[Records contained in a dataset]
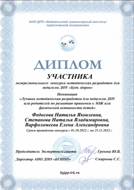 Межрегиональный конкурс методических разработок для педагогов ДОУ «Будь здоров» |
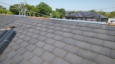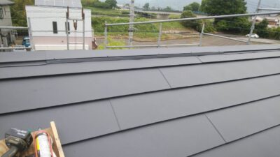 今度の屋根材はメーカーが25年の保証を付けている高寿命の物なので、当分ノーメンテで安心していただけると思いますが、台風や雹に被災された場合には見えない箇所なので点検依頼いただければ無料で点検するので、お気軽にお声掛け下さい。
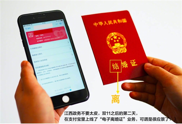 11月12月,支付宝官微称:“给小夫妻们分享一个实用的消息,今天,江西政务小程序非常贴心的推出了‘电子结婚’和‘电子离婚证’领取功能。”
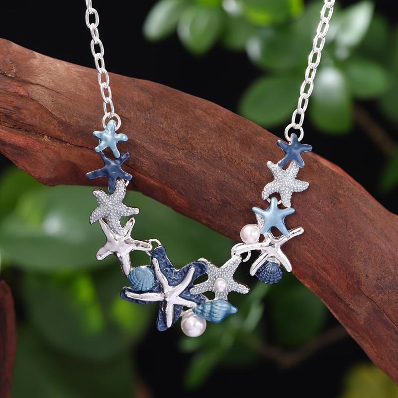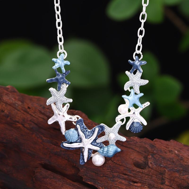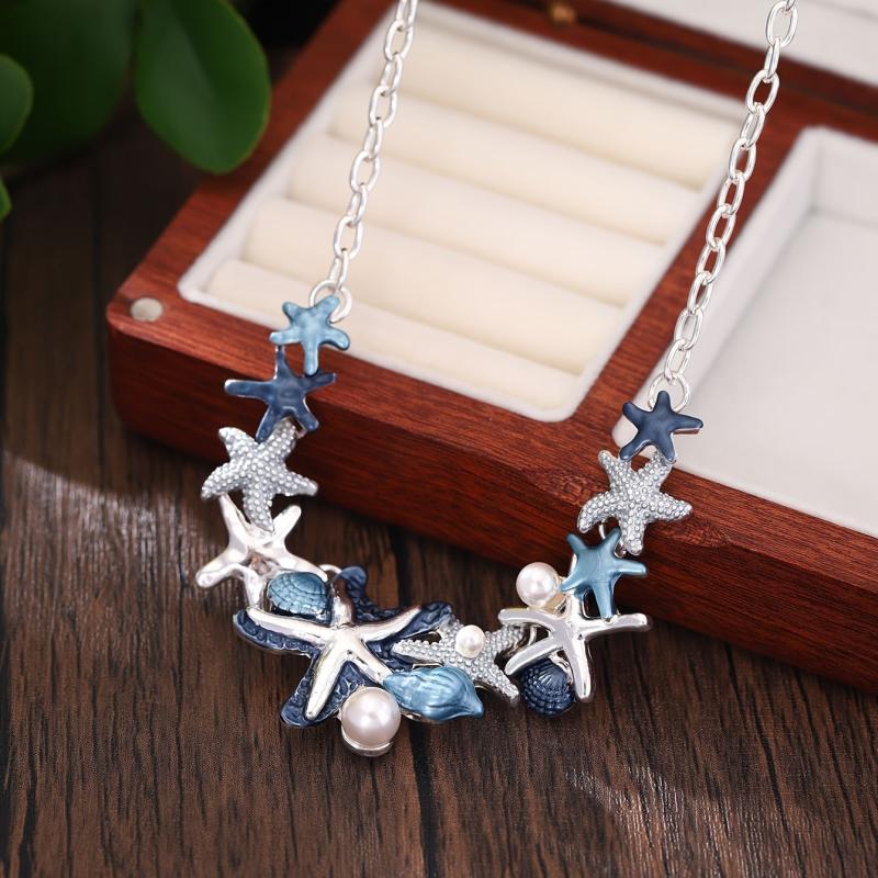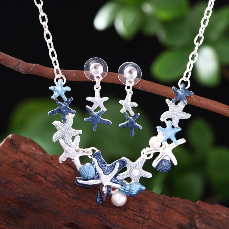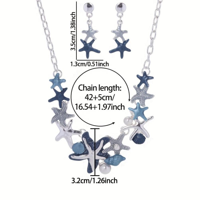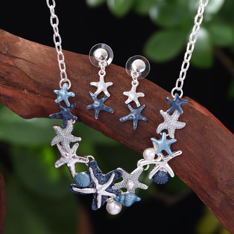 Complete your summer look with this zinc alloy enamel jewelry set featuring a starfish and shell design. Perfect for beach vacations and holidays.
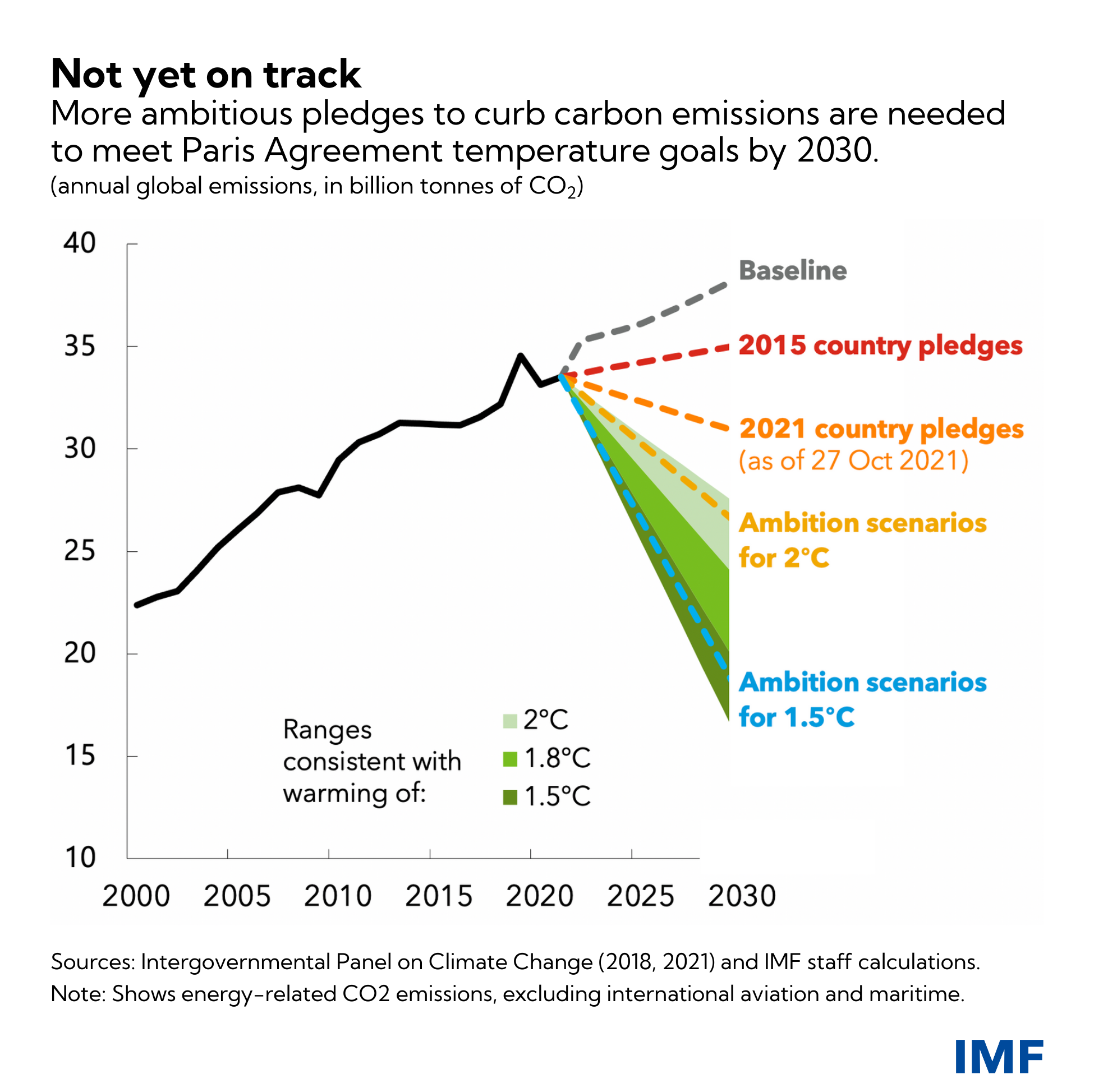 Alors que les dirigeants mondiaux se réunissent à Glasgow pour la COP26, une nouvelle note sur le climat du personnel du FMI montre que les politiques mondiales inchangées laisseront les émissions de carbone en 2030 bien plus élevées que nécessaire pour « maintenir 1,5 en vie ». Coupes de 55 pour cent en dessous des niveaux de référence en 2030 serait nécessaire de toute urgence pour atteindre cet objectif, et de 30 pour cent rencontrer le 2 degrés Celsius objectif.
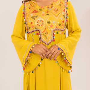 Featuring intricate detailing and a flattering cut, it’s versatile enough to be dressed up with accessories or kept simple for an effortlessly chic look. Easy to wear and suitable for all body shapes, this kaftan is a wardrobe essential for every woman who loves to blend fashion with comfort.
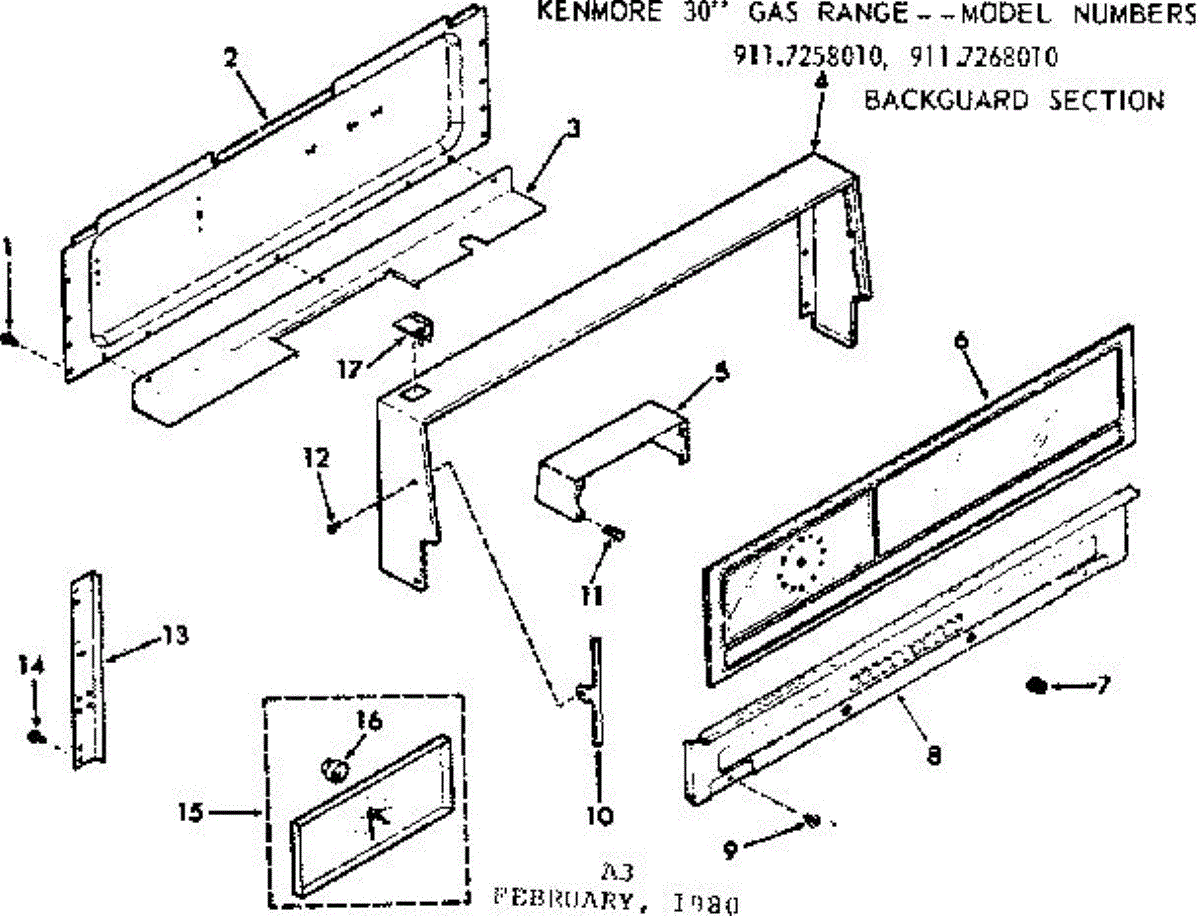 Parts for Kenmore 911.7268010 (9117268010, 911 7268010): Backguard Section Parts
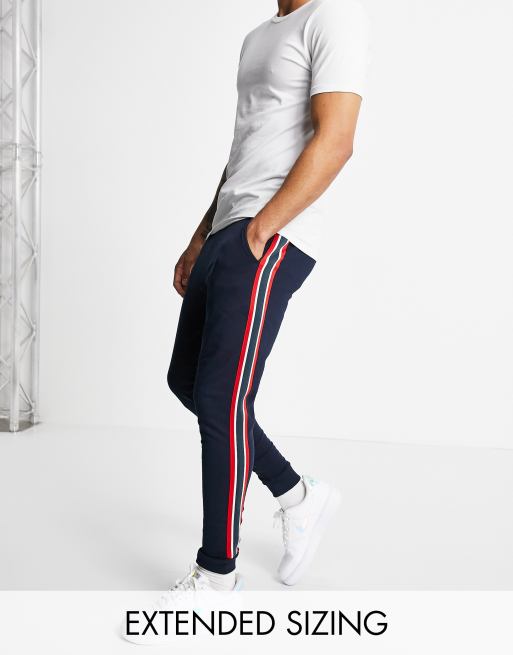 ASOS DESIGN skinny joggers with side stripe in navy
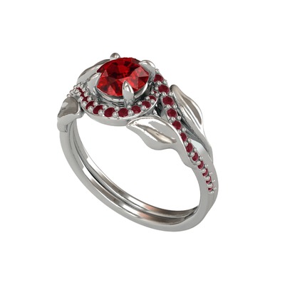 Garnet ve kök yakut 14 ayar beyaz altın yüzük
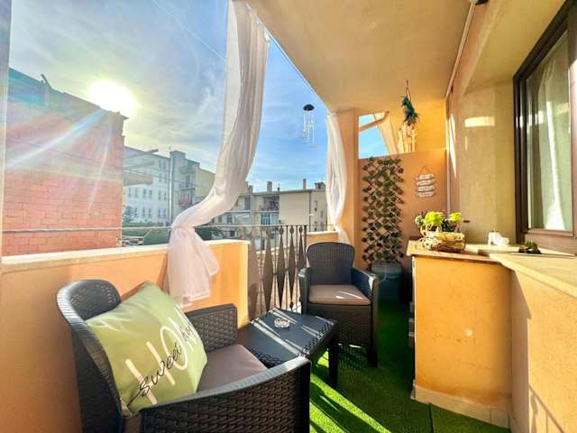 Die Ferienwohnung verfügt über 1 Schlafzimmer und ist ausgestattet mit einer Küche, die mit Kühlschrank und Ofen ausgestattet ist. Ein Flachbild-TV und ein Sitzbereich sind ebenfalls vorhanden. Das Badezimmer ist mit einem Bidet ausgestattet und es werden Handtücher sowie Bettwäsche bereitgestellt. Eine Terrasse ist ebenfalls verfügbar.
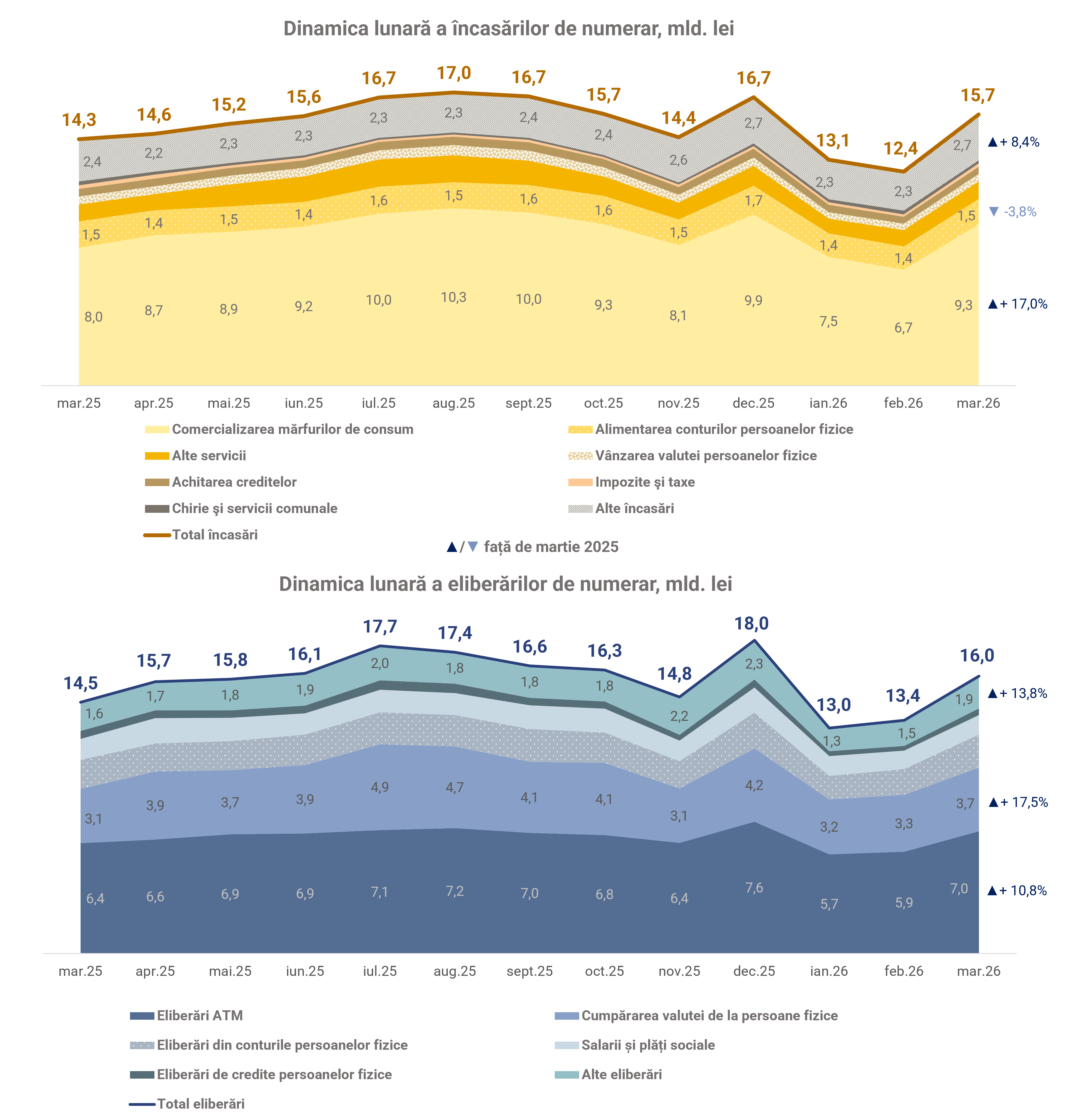 Volumul eliberărilor de numerar din casele băncilor, în martie 2026, a constituit 15 980 milioane lei,  majorându-se cu 1 516 milioane lei (+10,5 la sută) comparativ cu luna similară a anului precedent.
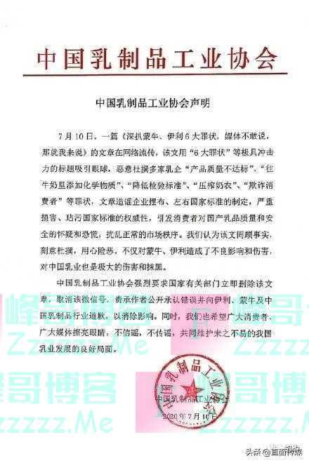 据悉,《深扒蒙牛伊利六大罪状,媒体不敢说,那就我来说》刊发后,中国乳制品工业协会立即代表乳业进行了回击。
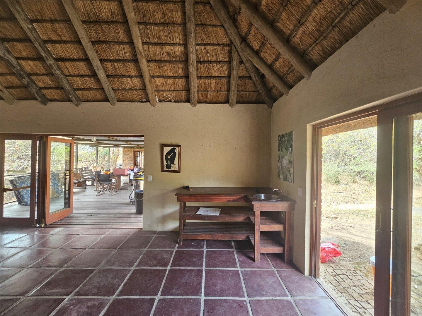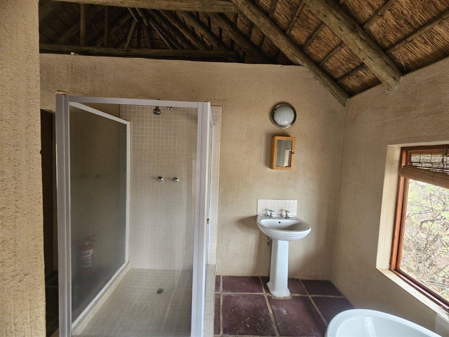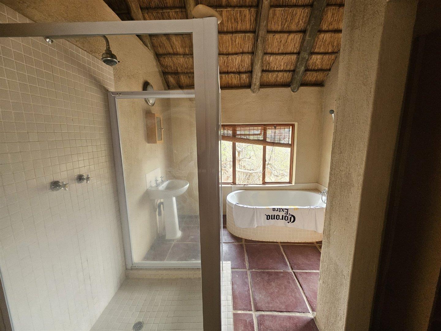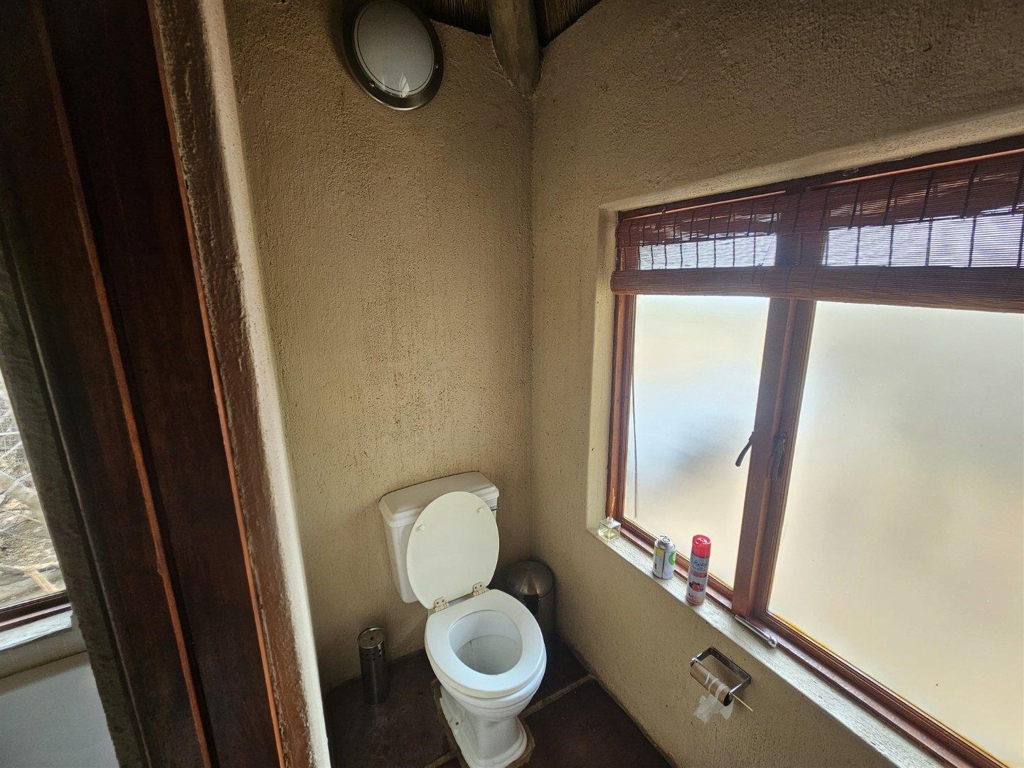 Immerse yourself in the tranquility of Escarpia Eco Estate in this very spacious home. Entertain in the huge dining room/games room/entertainment area/kitchen, which has a built in braai. Cross over a covered deck/walkway into a large sitting room, which leads upstairs to the bedrooms. There is 1 bedroom downstairs with a bathroom, guest toilet and study/office. The downstairs bathroom has a shower, toilet and basin. All floors are tiled. There is also an outside braai area.

- _What you need to do_: From the first line above to the line containing "Featuring intricate detailing", repeat each line exactly. Pictures stay out.

- _Task output_:
 Межрегиональный конкурс методических разработок для педагогов ДОУ «Будь здоров» |
 今度の屋根材はメーカーが25年の保証を付けている高寿命の物なので、当分ノーメンテで安心していただけると思いますが、台風や雹に被災された場合には見えない箇所なので点検依頼いただければ無料で点検するので、お気軽にお声掛け下さい。
 11月12月,支付宝官微称:“给小夫妻们分享一个实用的消息,今天,江西政务小程序非常贴心的推出了‘电子结婚’和‘电子离婚证’领取功能。”
 Complete your summer look with this zinc alloy enamel jewelry set featuring a starfish and shell design. Perfect for beach vacations and holidays.
 Alors que les dirigeants mondiaux se réunissent à Glasgow pour la COP26, une nouvelle note sur le climat du personnel du FMI montre que les politiques mondiales inchangées laisseront les émissions de carbone en 2030 bien plus élevées que nécessaire pour « maintenir 1,5 en vie ». Coupes de 55 pour cent en dessous des niveaux de référence en 2030 serait nécessaire de toute urgence pour atteindre cet objectif, et de 30 pour cent rencontrer le 2 degrés Celsius objectif.
 Featuring intricate detailing and a flattering cut, it’s versatile enough to be dressed up with accessories or kept simple for an effortlessly chic look. Easy to wear and suitable for all body shapes, this kaftan is a wardrobe essential for every woman who loves to blend fashion with comfort.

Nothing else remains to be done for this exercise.